Но последствия есть у всего…


Боль была первым, что почувствовал юноша, придя в себя. Режущая, она пронизывала влажные ушные каналы, будто в те была воткнула длинная раскалённая спица, проходящая через черепную коробку насквозь. Пульсация залазила на лоб, а оттуда тугим поясом тянулась до затылка. Но преимущественно она опускалась от мочек вдоль по шее, превращая в пытку стремление хоть как-то открыть рот или повернуть голову вбок. Эти ощущения были Узумаки известны, он сразу их узнал — отит, мать его за ногу. И, наверно, на сей раз наружным он вряд ли обойдётся… Лежащий чем-то смутился. Что-то в комнате было не так. Не хватало посторонних звуков, что отличали бы жилой дом от заброшенного. Настенные часы, попадающие в поле зрения, не тикали. Подумалось, что сели батарейки, но, всмотревшись, омега увидел, что стрелки тех как и прежде шагают. Он видел их дёрганое движение по циферблату, но не слышал. Чёрт возьми, и дыхания своего тоже: чувствовал, как грудная клетка поднимается и опускается, как кислород наполняет лёгкие, и всё в сопровождении беззвучия. Узумаки сделал вдох глубже, но слух не уловил ни втягивание воздуха ноздрями, ни протяжного выдоха. В уши словно щедро напихали ваты. «Мяу!» Курамы, чьё появление парнишка не заметил, будучи напрочь погруженным в омут недоумения, прозвучало тихо и глухо. Логика от столь неправильного соотношения дистанции и громкости звука ломалась напрочь. Не должно быть так. Рефлекторно потянувшись руками к ушам, паренёк наткнулся на ещё один неприятный сюрприз: те были забинтованы марлей по локти, ладони жгло и припекало. Пальцы еле сгибались — и то через боль, так что Узумаки скоро оставил те в покое. Откидывать одеяло он не стал, по схожим ощущениям догадавшись, что с ногами ситуация относительно та же.

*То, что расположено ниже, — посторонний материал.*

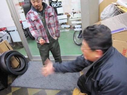 19:58 取り外し完了 フロントタイヤの取り外しが終わりました。 ちなみに、タイヤチェンジャーじゃなく、手作業。 まあ、基本ですね。(笑) タイヤ交換をしていたら、いつもの様に男レーシングさん登場。 自分が写っている写真は、男レーシングさんに写してもらいました。 (あーりがとねぇ〜) |
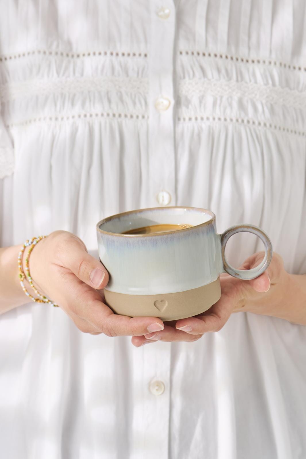 Ib Laursen Krus m/hank Heart mat brunt ler m/lyseblå kant 290 ml Kleur: Stentøj
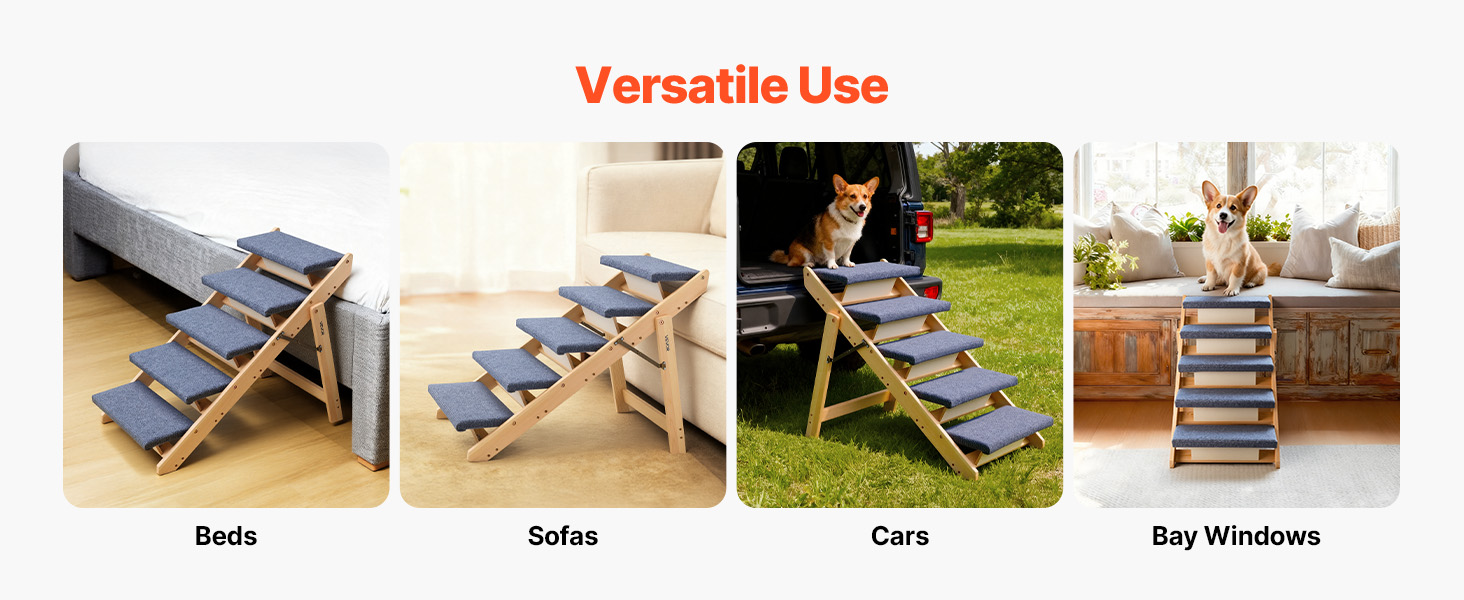 Naše skládací schody pro psy jsou ideální pro malé až středně velké psy, starší domácí mazlíčky nebo zraněné mazlíčky, kteří potřebují pomoc při lezení na vyšší nábytek.
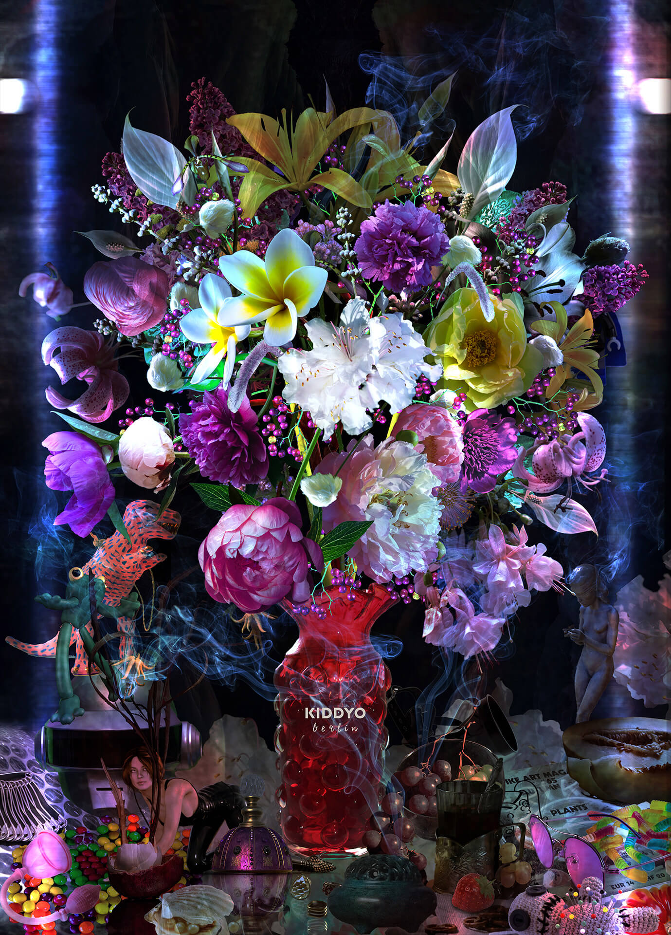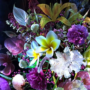 Lass dich von den Pfingstrosen verführen, deren süßliche Aromen von Romantik und Frühlingsanfängen flüstern. Erlebe, wie die tiefen, fast mystischen Töne der Lilien Geschichten von Leidenschaft und Erneuerung erzählen. Fühle die exotische Wärme der Frangipani, deren betörende Düfte dich in ferne, sonnendurchflutete Paradiese entführen. Jede Blüte in diesem Strauß repräsentiert eine Einladung zum Feiern des Lebens und der Sinnlichkeit. „Spleen“ ist nicht nur ein Kunstwerk, es ist eine Ode an die Momente der Sinnlichkeit.
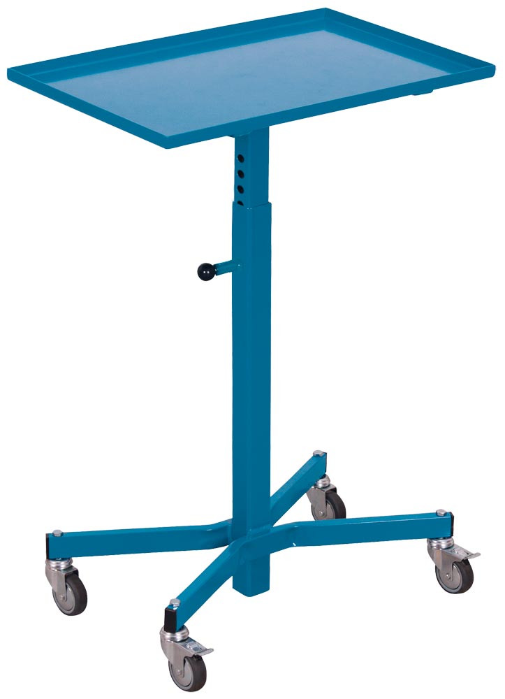 ∙ Profilstahl-Rohrkonstruktion mit umlaufendem 18 mm hohen Rand ∙ Höhenverstellung durch Rasterung mit Federriegelarretierung, Raster 25 mm ∙ Pulverbeschichtet in RAL 5010 enzianblau, dauerhafter Oberflächenschutz, schlag- und kratzfest ∙ Rollen aus thermoplastischem Gummi, grau (spurlos), Ø 75 mm ∙ 4 Lenkrollen davon 2 mit Radfeststeller
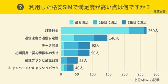格安SIMを利用して満足だった点を、満足度順に最大3つまで答えていただきました。その結果、回答数が多かった項目は「月額料金」で、260人が選びました。
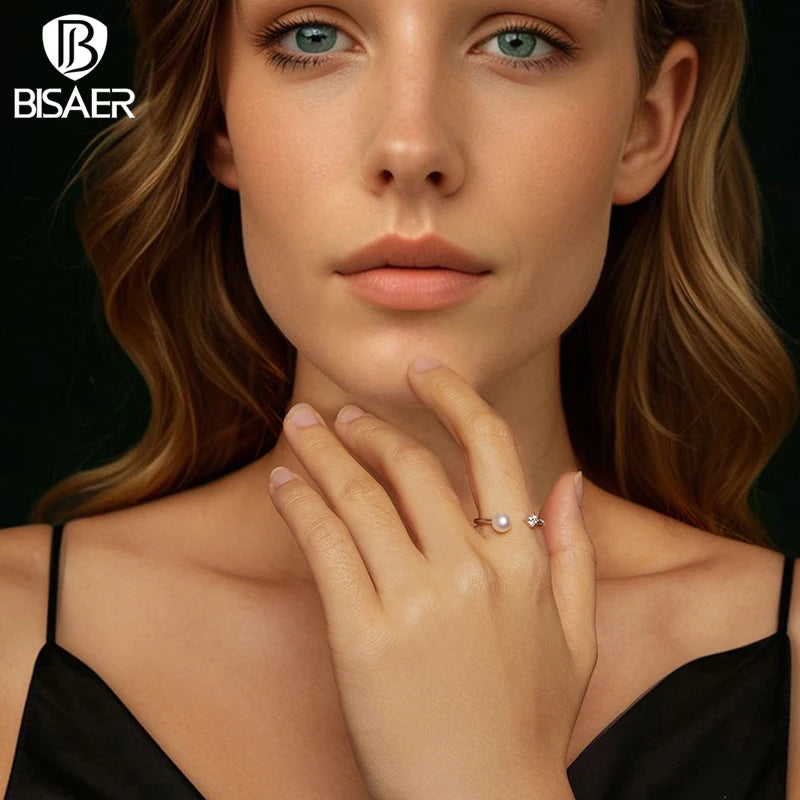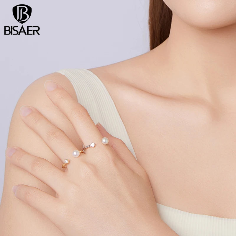 Bague ajustable BISAER en argent sterling 925 avec diamant de laboratoire taille moissanite de 0,1 carat, anneau ouvert et perle d'eau douce. Bijou fin pour femme.
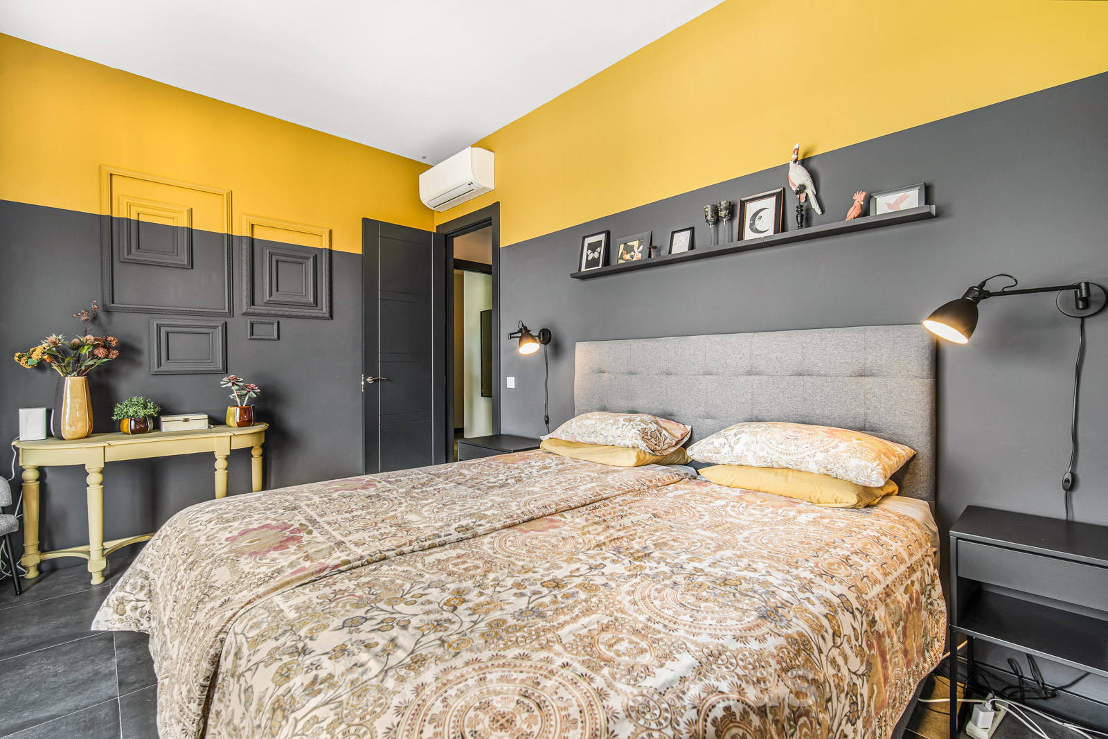 Intérieur moderne et de caractère avec des pièces de design rétro.
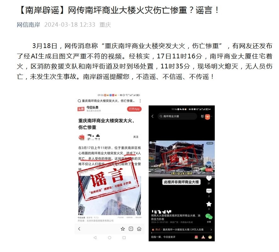 ·網(wǎng)傳重慶南坪商業(yè)大樓突發(fā)大火傷亡慘重?官方辟謠:無(wú)人員傷亡,未發(fā)生次生事故。
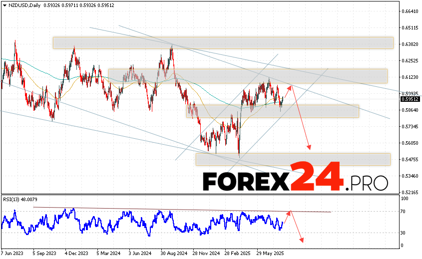 NZD/USD Weekly Forecast August 11 — 15, 2025 suggests an attempt to develop a bullish correction and test the resistance level near the 0.6005 area. Further, the NZD/USD pair will continue to fall to the area below the 0.5575 level. An additional signal in favor of a decline will be a test of the trend line on the relative strength indicator. A strong rise in the NZD/USD closing price above the 0.6165 level will cancel the decline scenario. In this case, we can expect the currency pair to continue rising with a target above the 0.6375 level.
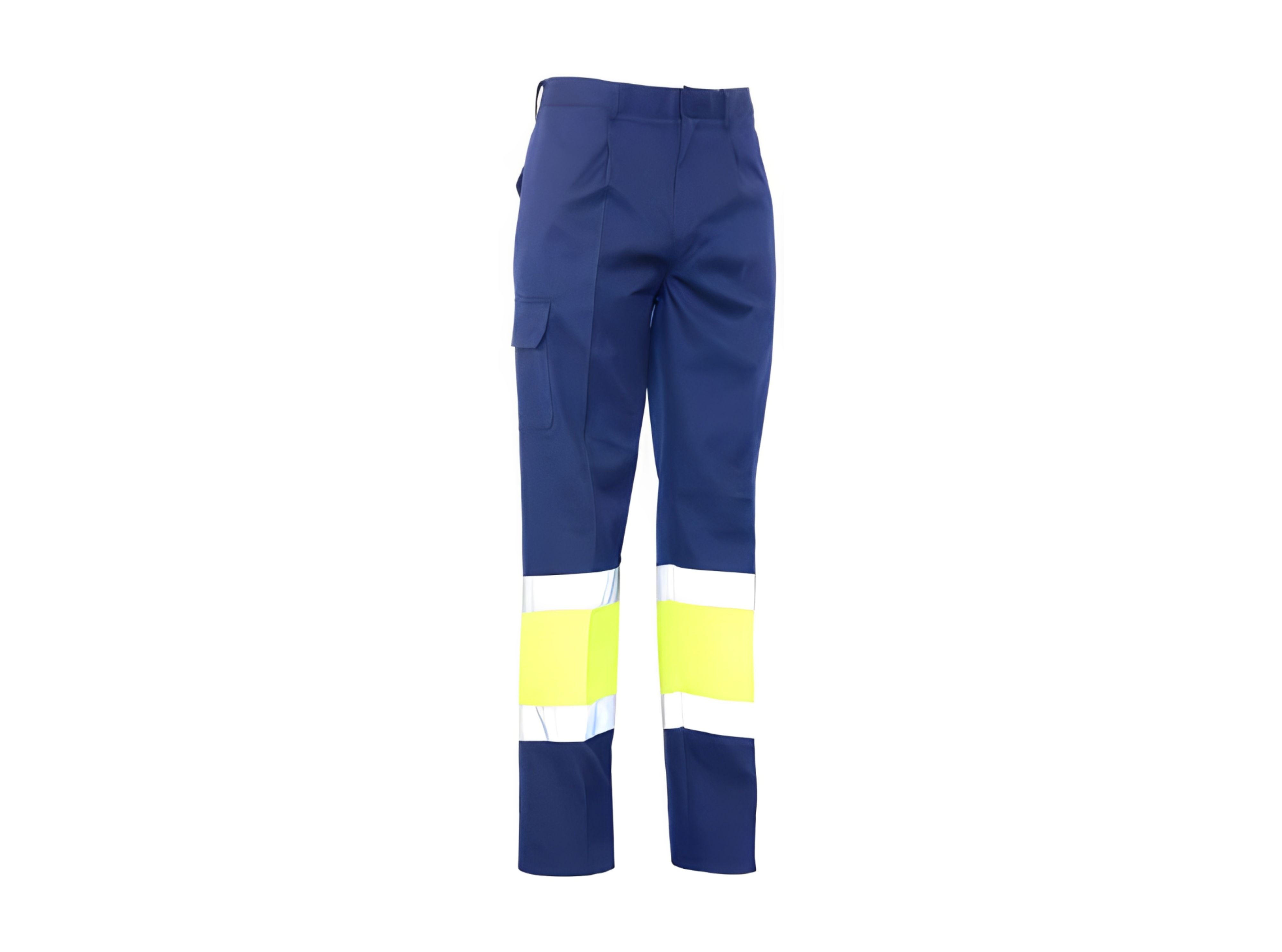Trousers 1/2 elastic waist at back, 2 front pockets in seam, 1 patch pocket with Velcro flap on right leg, 1 back poket with with Velcro flap. Clip button hidden in waistband. Lining in the same fabric, 2 fire-proof reflective stripes.

Блондин смутно помнил, чем закончился его побег. Он был на мосту и разговаривал с… точно, с Дураске, хрен знает о чём. С моста каким-то образом переместился домой, на диван. Затем очнулся, и на тебе — пиздец со всех фронтов. Всё болит, ни черта нормально не слышно. Могло ли быть хуже? О, ещё как! Сей ответ стал очевидным, когда на горизонте объявилась матушка… Ничьих шагов не было слышно, а потому её приход оказался неожиданным настолько, что парнишка дрогнул, так по-нелепому испугавшись.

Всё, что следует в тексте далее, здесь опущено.